Remoting - Server-side Thread-per-connection Model
ovidiu.feodorov Oct 18, 2006 7:34 PMThe ServerInvoker has a bounded "ServerThread"s thread pool, the number of simultaneous invocations that can be handled at a time is limited by invoker's maxPoolSize configuration parameter. Once a "ServerThread" is allocated to a client connection, it will stay associated to that connection until the client closes the socket or a socket timeout occurs.This could lead to thread starvation in presence of a large number of clients. Increasing the number of server threads will draw down the performance because the large number of context switches.
A non-blocking NIO model would probably more appropriate here. Other messaging projects use this approach already.
Tom Elrod wrote:
So guess would be good to cover scenarios and best approaches for them. The first scenario would be having a limited set (in the low hundreds) of clients that each regularly make invocations. In this scenario, having optimal throughput is probably the desired behavior and the current remoting code is designed for this. At the other end of the spectrum would be having a large number of clients (in the thousands) that each make periodic requests (meaning is not in tight loop that continually makes invocations). The best scenario for this is to use non-blocking i/o. The main reason for this is if use blocking i/o (besides running out of resources) will have thread per request and will be slow as balls because of all the thread context switching for all the concurrent requests. Then there are the scenarios in between (btw can add config so that remoting does not hold connection after invocation on the server side so that will free worker threads faster, which I am pretty sure is already in jira).
Bill wrote:
IIRC, Tom took a lot from the PooledInvoker. The PooledInvoker had a LRU queue that closed idle connections when one was needed so that there was no starving. Also, the PooledInvoker tried to avoid a large number of context switches by associating the client connection to a specific server thread. Therefore, no thread context switches were required. Of course, this design was predicated on "keep alive" clients. So if the use case was very "keep alive" oriented, it performed really well.
Bill and Tom raised good issues. Where is the cutt-off line? For what number of clients an asynchronous non-blocking server-side approach becomes more efficient than the current model?
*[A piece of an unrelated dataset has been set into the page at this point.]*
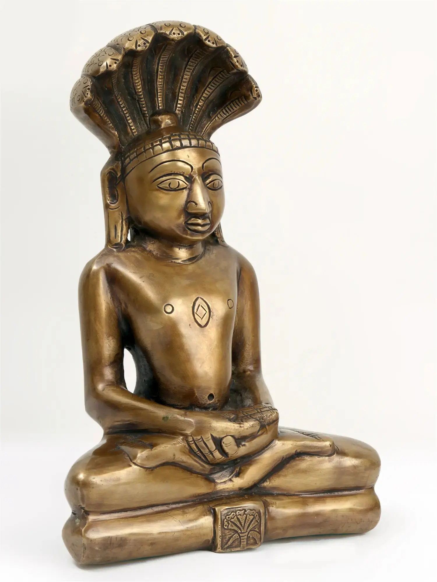 This exquisite brass statue captures the profound presence of Lord Rishabha Deva, the first Tirthankara of Jainism. Lord Rishabha Deva, meaning "Lord Bull," signifies strength, purity, and the commencement of a spiritual journey. Revered as the progenitor of Jainism, he was a prince who renounced worldly pleasures to embrace asceticism and attain enlightenment, setting the path for future Tirthankaras and followers.

Intuitively, one can imagine, and it can be probably very easily proven, that if only two clients connect to the server, then the thread-per-connection model is as efficient (if not more efficient) than the asynchronous approach. That probably doesn't stand true anymore for a 1000 clients.
Moreover, the usage pattern for a typical JMS application is to open a connection and keep it open for the life-time of the client instance (unless one uses the anti-pattern of creating a Connection for each message sent). This seem to me a "keep alive" type of client.
We could poll our users for usage patterns, that would be interesting data.
So, in the end, it's not a matter of beliefs, but statistics. You optimize your implementation for the most common usage pattern. If the average usage pattern of a typical JMS application is to create 10-100 clients that keep sending messages periodically over a long-running Connection, I don't think it makes sense to even think about NIO at this point. Add to this that with the new distributed destinations, you can "spread" processing across nodes, so if you have 1000 clients and 4 machines, that yields 250 clients/node.
The "right" long-term solution would be Remoting to support both patterns and make this configurable. That'll make everyone happy.
Bill wrote:
I think you should make a few prototypes and bench.
Tim wrote:
At the end of the day, we will be benchmarked against QPid, ActiveMQ and others and the bottom line is, it doesn't matter how wonderful our internal architecture is, we won't be able to touch them because the benchmarks will be decided on how fast we can push bytes over sockets, and we will lose right now. Period.
Very good points. One more reason to start benchmarking during the early implementation phase, so we won't have surprises at the end. I am totally with you both on this.
Tim wrote:
Much as I hate to say it, our competition has it right when it comes to their approach to remoting, actually they all seem to pretty much do it the same way (apart from us).
You're probably right. Do you have numbers? Maybe they're right, maybe they aren't. Would you bet your house without seeing numbers?
Scott wrote:
I agree that there is a conflict in terms of timeframe and existing features. I don't see that there is any inherent conflict with an efficient messaging transport and an rpc transport. Its just an issue of correctly layering the concepts. The only question in my mind is whether there are sufficient issues in the tradeoff between performance and the overhead of a layered transport implementation. At this point I don't see that we can make that call.
Not exactly sure what you mean by "layered transport implementation". Could you please clarify?